▸ Problem requirements
For the data below, transcribe the part that opens with the line containing "The handle scales" and closes with the line containing "Если мы положим", exactly and with no pictures.

▸ Records shown

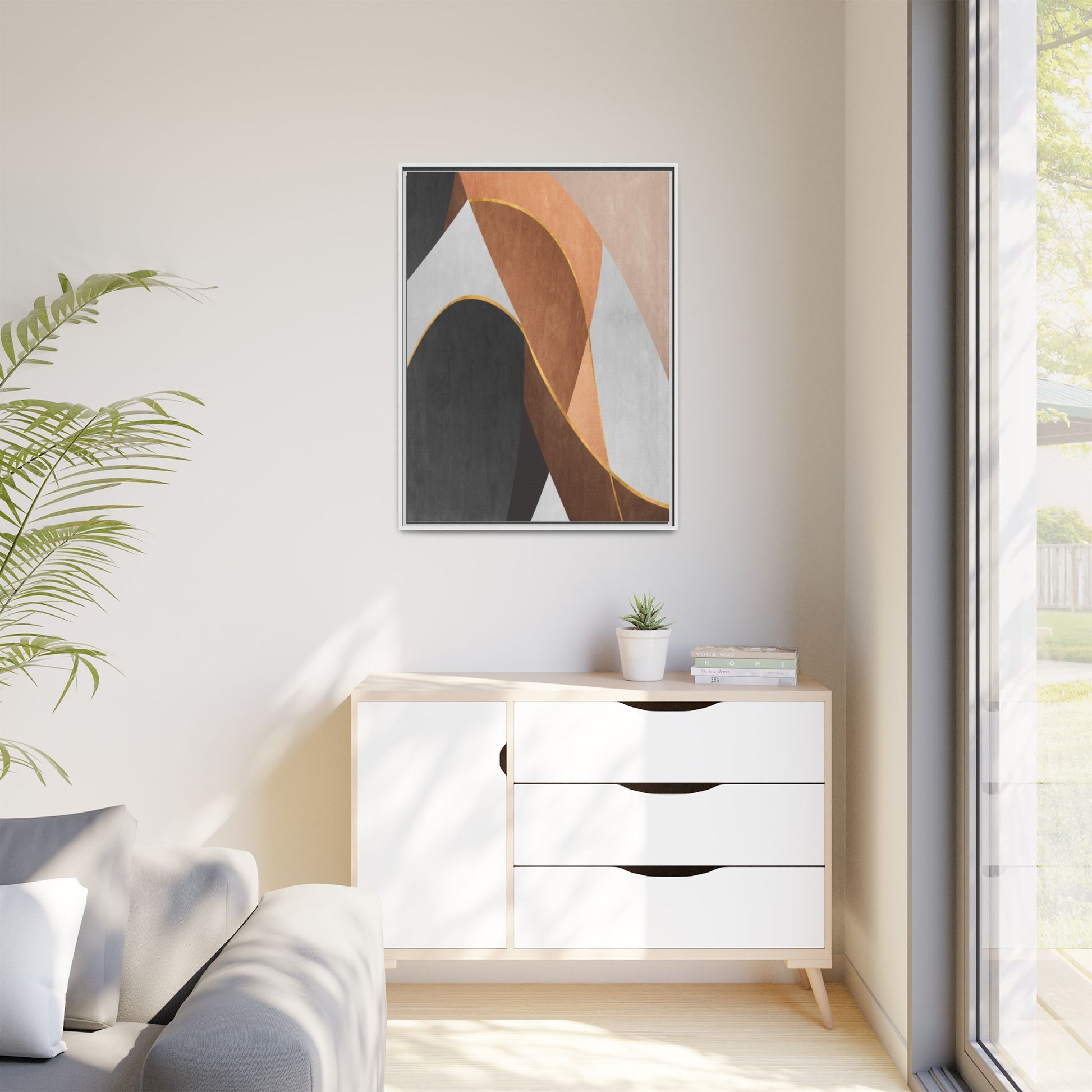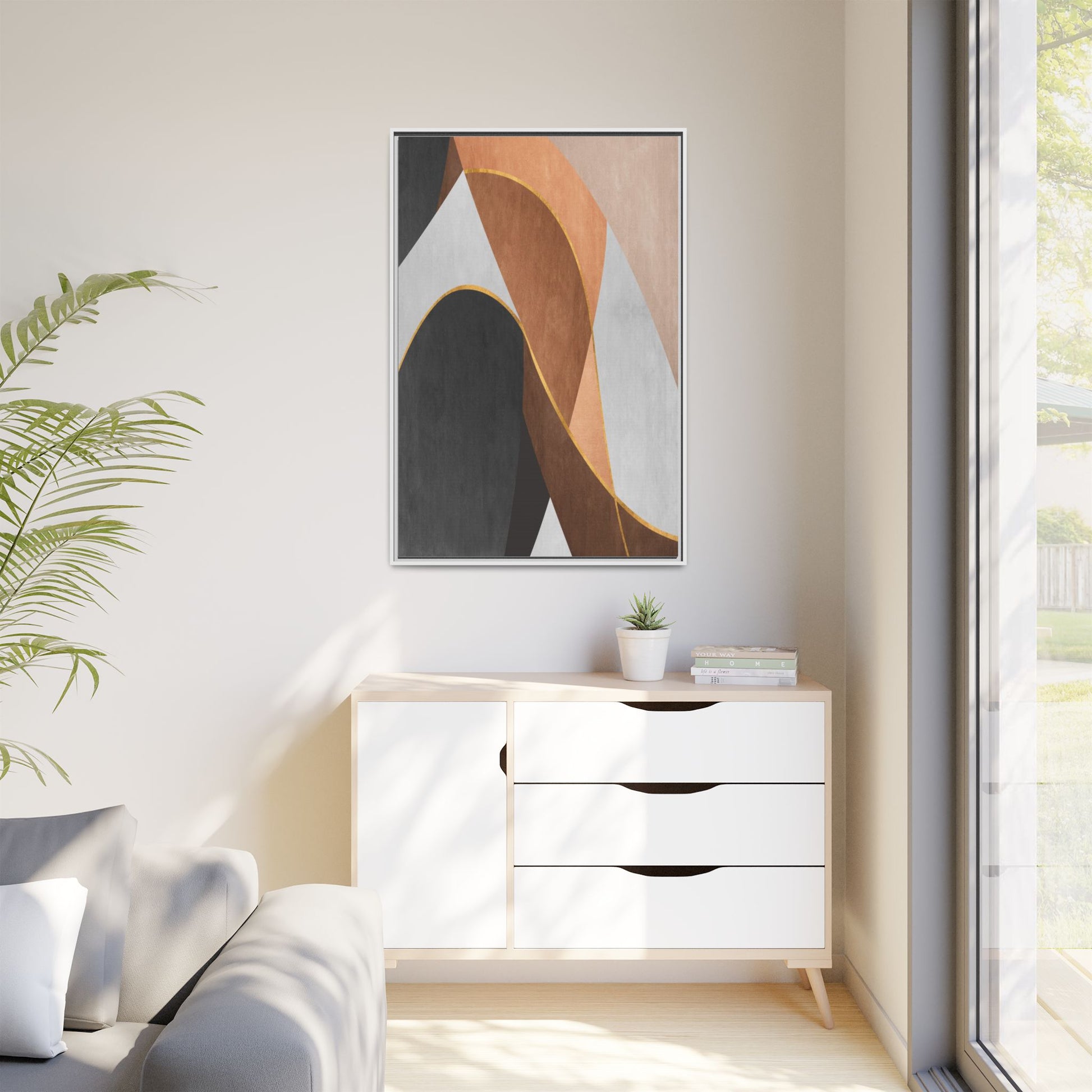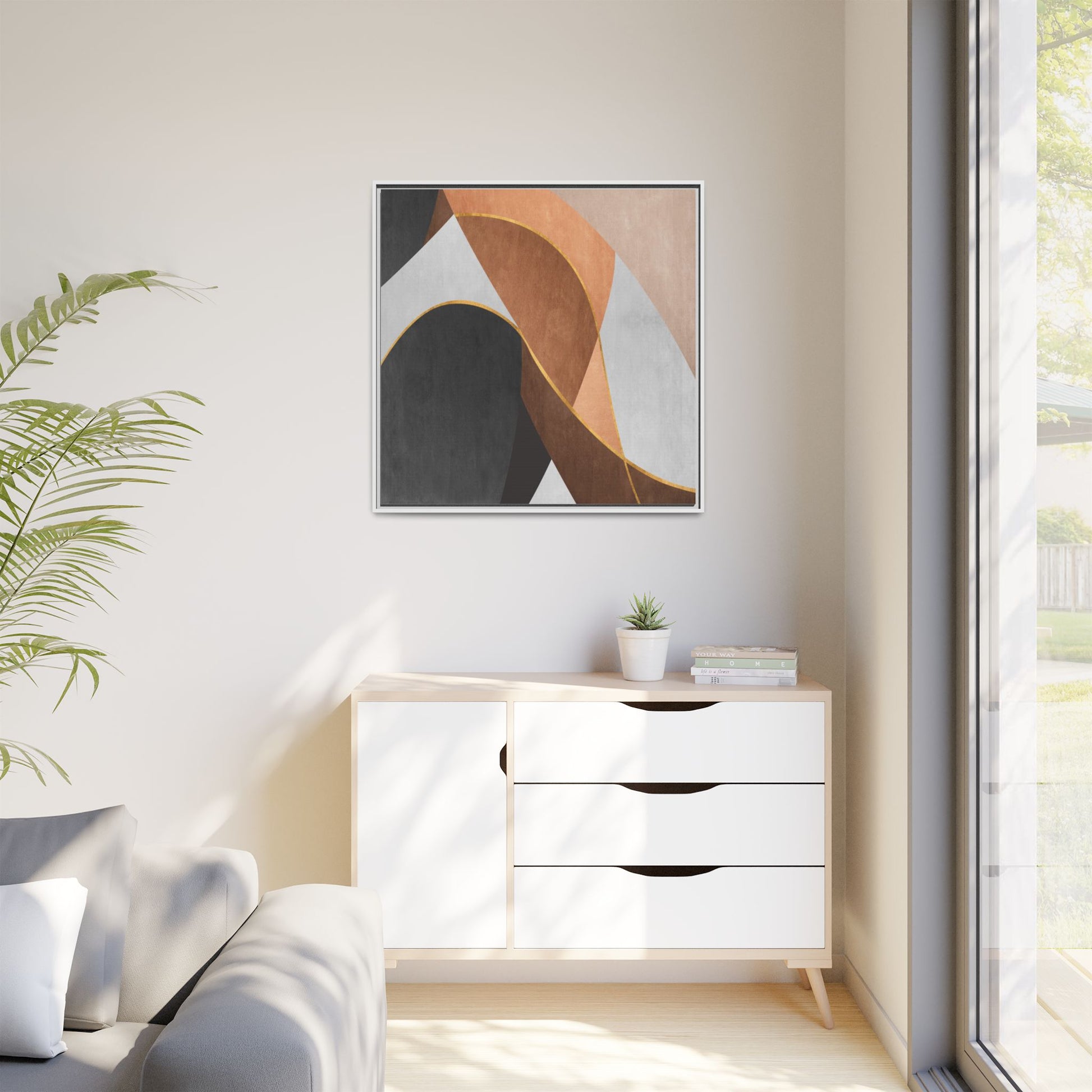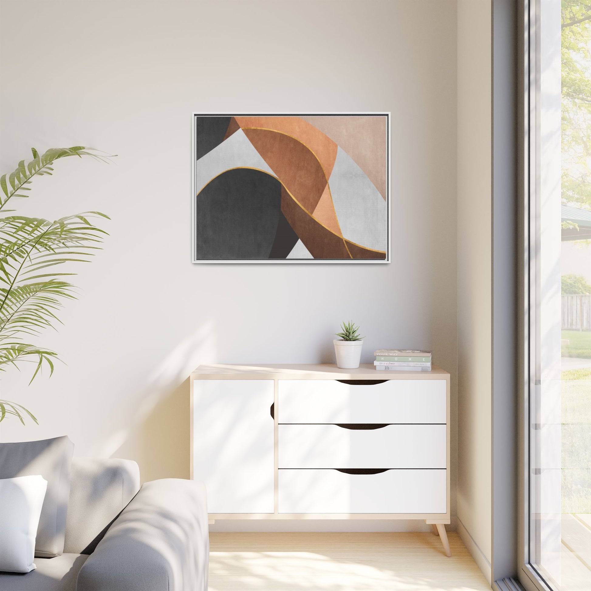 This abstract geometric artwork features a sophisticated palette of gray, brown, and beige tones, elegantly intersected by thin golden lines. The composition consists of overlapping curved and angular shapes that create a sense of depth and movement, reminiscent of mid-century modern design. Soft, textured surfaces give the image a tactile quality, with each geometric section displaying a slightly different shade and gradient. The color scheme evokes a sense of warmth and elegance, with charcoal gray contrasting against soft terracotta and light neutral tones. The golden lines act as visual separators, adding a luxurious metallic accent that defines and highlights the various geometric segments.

--

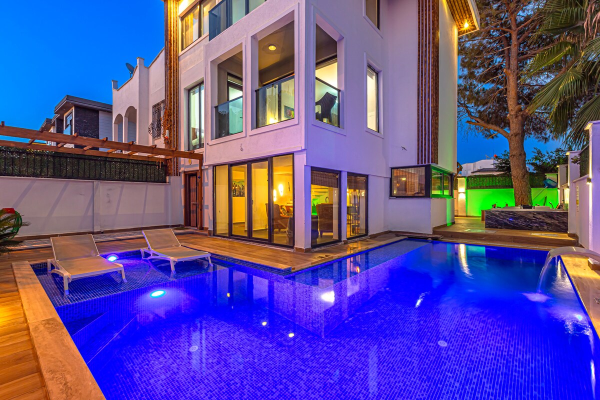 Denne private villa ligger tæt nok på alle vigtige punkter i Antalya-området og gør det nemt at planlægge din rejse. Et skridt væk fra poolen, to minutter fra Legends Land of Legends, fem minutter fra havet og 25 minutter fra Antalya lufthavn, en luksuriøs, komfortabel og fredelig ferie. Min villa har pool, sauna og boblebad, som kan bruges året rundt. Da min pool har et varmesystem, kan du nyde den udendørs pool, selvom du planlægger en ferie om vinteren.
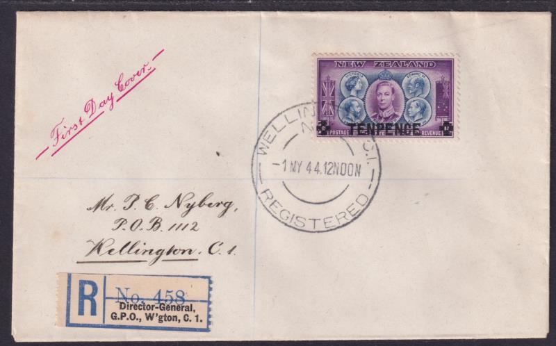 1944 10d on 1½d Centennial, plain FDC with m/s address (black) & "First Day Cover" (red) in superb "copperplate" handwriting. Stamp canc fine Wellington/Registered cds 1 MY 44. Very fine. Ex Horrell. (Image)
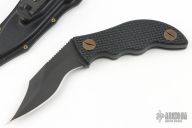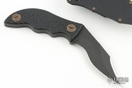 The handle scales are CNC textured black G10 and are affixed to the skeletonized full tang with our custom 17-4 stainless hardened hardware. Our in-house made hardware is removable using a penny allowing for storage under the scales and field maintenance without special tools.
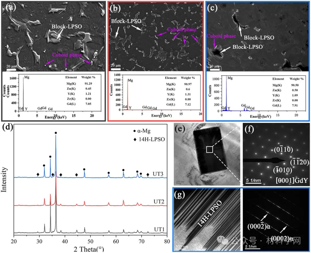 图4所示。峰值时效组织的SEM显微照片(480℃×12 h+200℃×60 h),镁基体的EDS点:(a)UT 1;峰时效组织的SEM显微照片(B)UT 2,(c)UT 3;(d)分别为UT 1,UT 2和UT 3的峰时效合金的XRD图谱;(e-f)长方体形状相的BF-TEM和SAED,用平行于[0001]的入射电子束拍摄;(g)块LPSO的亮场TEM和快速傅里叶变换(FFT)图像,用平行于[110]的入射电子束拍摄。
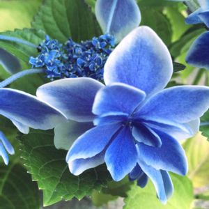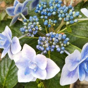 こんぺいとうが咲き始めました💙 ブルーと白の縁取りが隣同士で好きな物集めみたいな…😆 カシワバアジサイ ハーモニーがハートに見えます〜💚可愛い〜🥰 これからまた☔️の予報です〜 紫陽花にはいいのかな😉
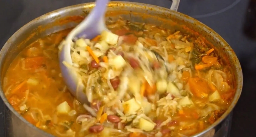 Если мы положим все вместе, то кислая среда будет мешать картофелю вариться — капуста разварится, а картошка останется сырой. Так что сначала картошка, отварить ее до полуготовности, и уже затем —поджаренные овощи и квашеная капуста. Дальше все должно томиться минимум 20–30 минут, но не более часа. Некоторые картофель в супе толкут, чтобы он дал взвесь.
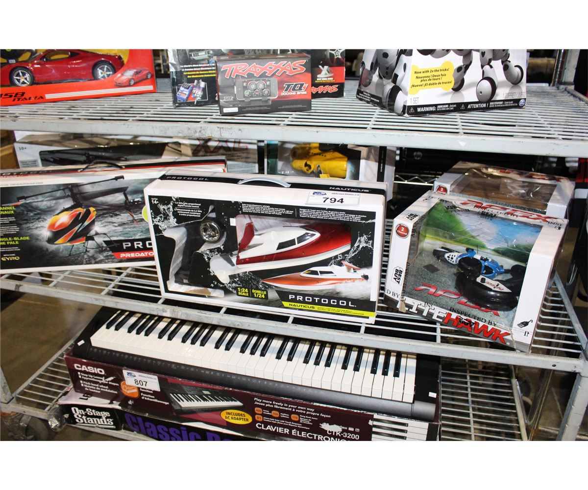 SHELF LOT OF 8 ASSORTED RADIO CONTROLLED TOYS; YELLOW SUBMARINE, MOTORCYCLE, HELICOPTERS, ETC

▸ Exercise response
 The handle scales are CNC textured black G10 and are affixed to the skeletonized full tang with our custom 17-4 stainless hardened hardware. Our in-house made hardware is removable using a penny allowing for storage under the scales and field maintenance without special tools.
 图4所示。峰值时效组织的SEM显微照片(480℃×12 h+200℃×60 h),镁基体的EDS点:(a)UT 1;峰时效组织的SEM显微照片(B)UT 2,(c)UT 3;(d)分别为UT 1,UT 2和UT 3的峰时效合金的XRD图谱;(e-f)长方体形状相的BF-TEM和SAED,用平行于[0001]的入射电子束拍摄;(g)块LPSO的亮场TEM和快速傅里叶变换(FFT)图像,用平行于[110]的入射电子束拍摄。
 こんぺいとうが咲き始めました💙 ブルーと白の縁取りが隣同士で好きな物集めみたいな…😆 カシワバアジサイ ハーモニーがハートに見えます〜💚可愛い〜🥰 これからまた☔️の予報です〜 紫陽花にはいいのかな😉
 Если мы положим все вместе, то кислая среда будет мешать картофелю вариться — капуста разварится, а картошка останется сырой. Так что сначала картошка, отварить ее до полуготовности, и уже затем —поджаренные овощи и квашеная капуста. Дальше все должно томиться минимум 20–30 минут, но не более часа. Некоторые картофель в супе толкут, чтобы он дал взвесь.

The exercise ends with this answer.